Includes: GFI, GG, HMY, LIHRY, NEM
by: SA Editors

In the annual Barron's Roundtable (sub. req.) of top investment pros, Felix Zulauf, head of Switzerland's Zulauf Asset Management, argues that gold is still a compelling investment at this stage and proposes five gold stock picks. Excerpts:

Gold-mining shares are going to be a gold mine in coming years. Intensive globalization leads to low headline inflation. The governments of the old industrialized nations run large fiscal deficits, and the central banks accommodate them with cheap-money policies. On top of that, nobody wants a strong currency, so there is competitive devaluation, which strengthens the inflationary process. The bottom line is cheap money as far as one can see, and low real interest rates...

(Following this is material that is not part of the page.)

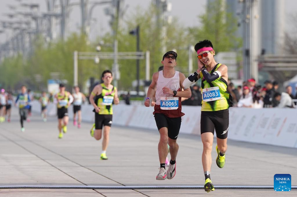 Participants start during the Beijing Half Marathon 2026 in Beijing, capital of China, April 12, 2026. (Xinhua/Ju Huanzong)

Barron's: What about environmental risk?

Zulauf: There is always a risk with mines. And there is a risk if you don't buy gold. Gold has been rising in linear fashion from the low of 2001, but gold stocks have gone sideways from late '03 to late '05. The mining shares now are where oil and oil shares were two years ago. They are just breaking out.

Barron's: The cost of mining gold is rising. Doesn't that hurt company margins?

Zulauf: You do not buy gold-mining shares on current earnings. You buy them for the stuff in the ground and what it will be worth in the future. Cost inflation in mining is running about 20%. That has been a problem in the last two years, particularly in South Africa, where the currency has gone up a lot. It led to the closing of some mines, which actually helped the price of gold rise...

Barron's: Felix, which gold stocks do you like?

Zulauf: You buy a basket. It should include Newmont Mining (NYSE:NEM), the only gold stock in the S&P 500. I would add Gold Fields (NYSE:GFI) of South Africa, a lower-cost producer. If you want to be a little more aggressive, you can include Harmony Gold Mining (NYSE:HMY), a higher-cost producer. Then, go for two mid-cap stocks. One is Glamis Gold (GLG) in Canada. The other is Lihir (LIHRY) in Australia...

Interestingly, gold is cheap relative to other commodities. Over the last 25 years, the mean ratio of gold prices to oil prices has been about 18. It's now at nine or so.